### What is required
In the listing beneath this line, copy exactly the lines starting with the one containing "Crepa rellena con" and going on through the one containing "For sale is".

### Information shown
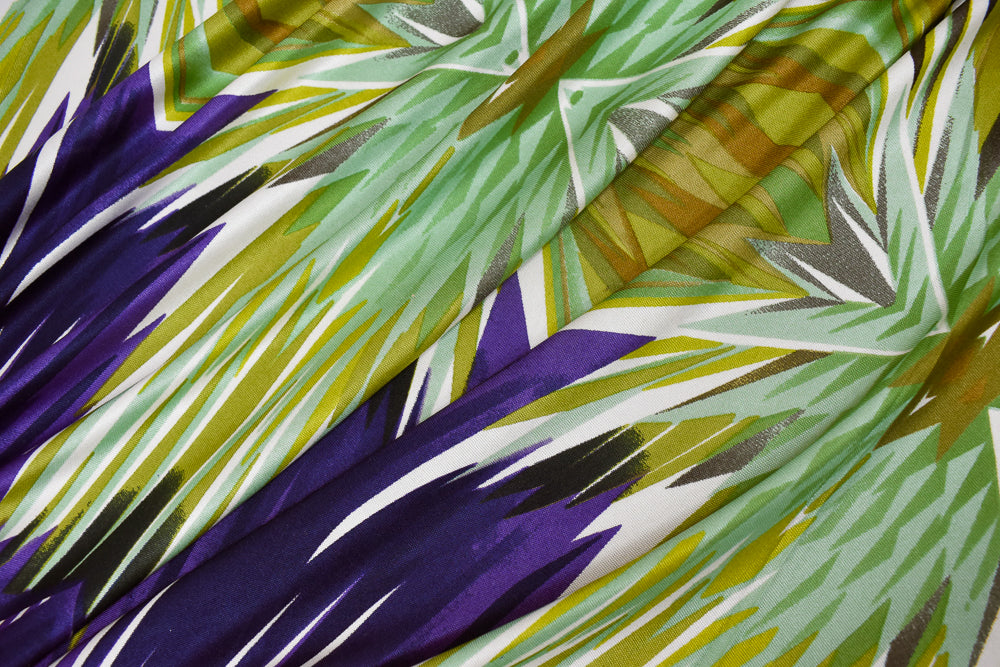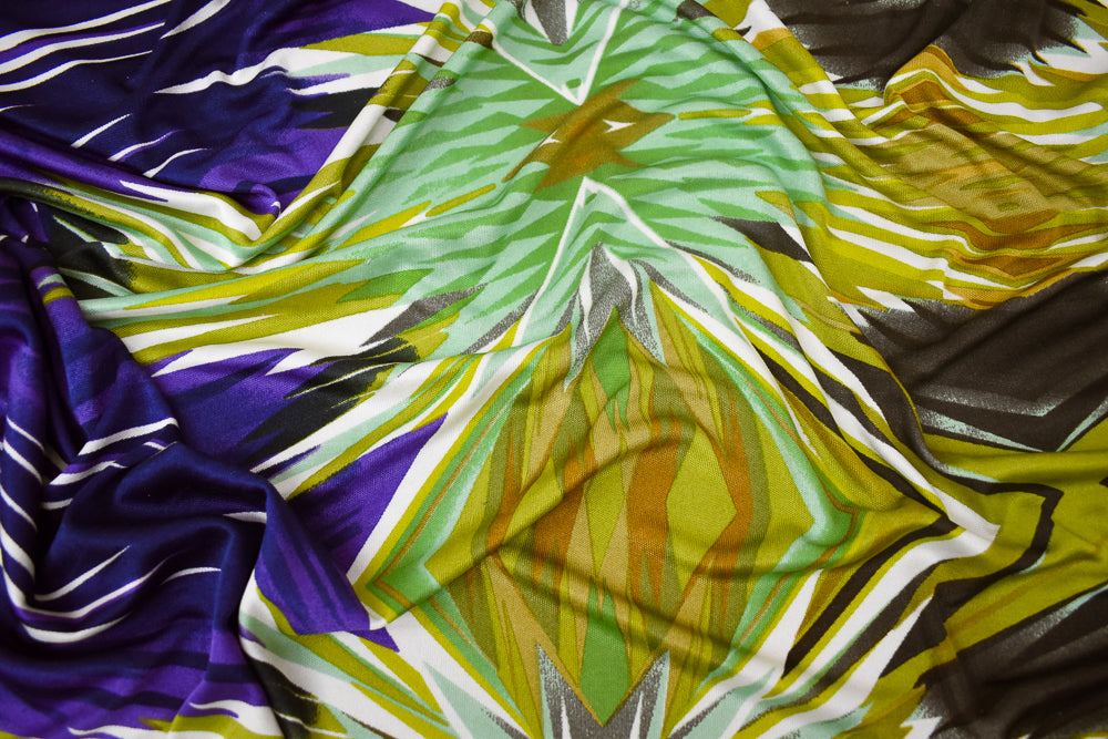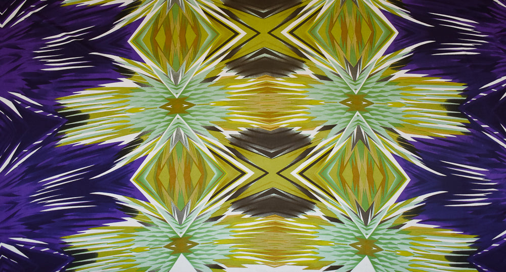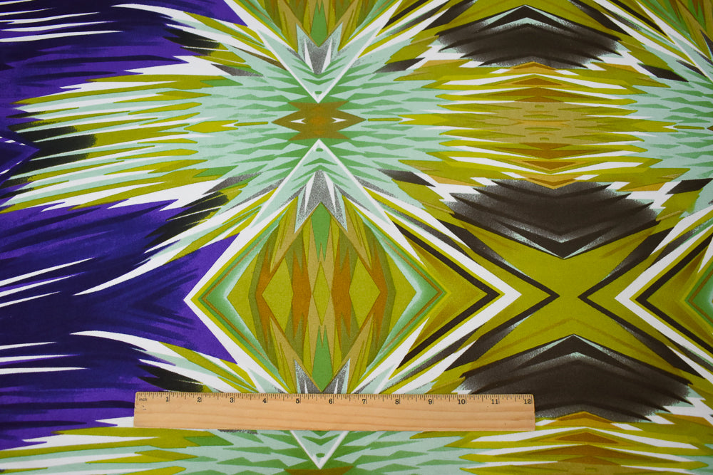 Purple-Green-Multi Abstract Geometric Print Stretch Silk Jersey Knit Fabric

* * *

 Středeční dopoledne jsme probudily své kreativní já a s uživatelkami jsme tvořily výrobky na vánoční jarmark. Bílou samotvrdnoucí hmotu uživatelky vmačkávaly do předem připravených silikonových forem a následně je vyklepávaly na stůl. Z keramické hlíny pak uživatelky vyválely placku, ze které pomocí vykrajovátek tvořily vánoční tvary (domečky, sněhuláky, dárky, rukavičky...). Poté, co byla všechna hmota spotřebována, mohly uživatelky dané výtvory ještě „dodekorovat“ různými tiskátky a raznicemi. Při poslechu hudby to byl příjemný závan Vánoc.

==

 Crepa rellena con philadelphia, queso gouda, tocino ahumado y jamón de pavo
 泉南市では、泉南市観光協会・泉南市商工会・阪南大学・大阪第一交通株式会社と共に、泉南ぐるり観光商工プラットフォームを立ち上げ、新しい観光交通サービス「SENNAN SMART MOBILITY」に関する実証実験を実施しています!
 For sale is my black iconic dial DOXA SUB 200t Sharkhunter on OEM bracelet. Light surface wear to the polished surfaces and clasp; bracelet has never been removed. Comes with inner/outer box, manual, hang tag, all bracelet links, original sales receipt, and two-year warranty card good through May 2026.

### Result of the task
 Crepa rellena con philadelphia, queso gouda, tocino ahumado y jamón de pavo
 泉南市では、泉南市観光協会・泉南市商工会・阪南大学・大阪第一交通株式会社と共に、泉南ぐるり観光商工プラットフォームを立ち上げ、新しい観光交通サービス「SENNAN SMART MOBILITY」に関する実証実験を実施しています!
 For sale is my black iconic dial DOXA SUB 200t Sharkhunter on OEM bracelet. Light surface wear to the polished surfaces and clasp; bracelet has never been removed. Comes with inner/outer box, manual, hang tag, all bracelet links, original sales receipt, and two-year warranty card good through May 2026.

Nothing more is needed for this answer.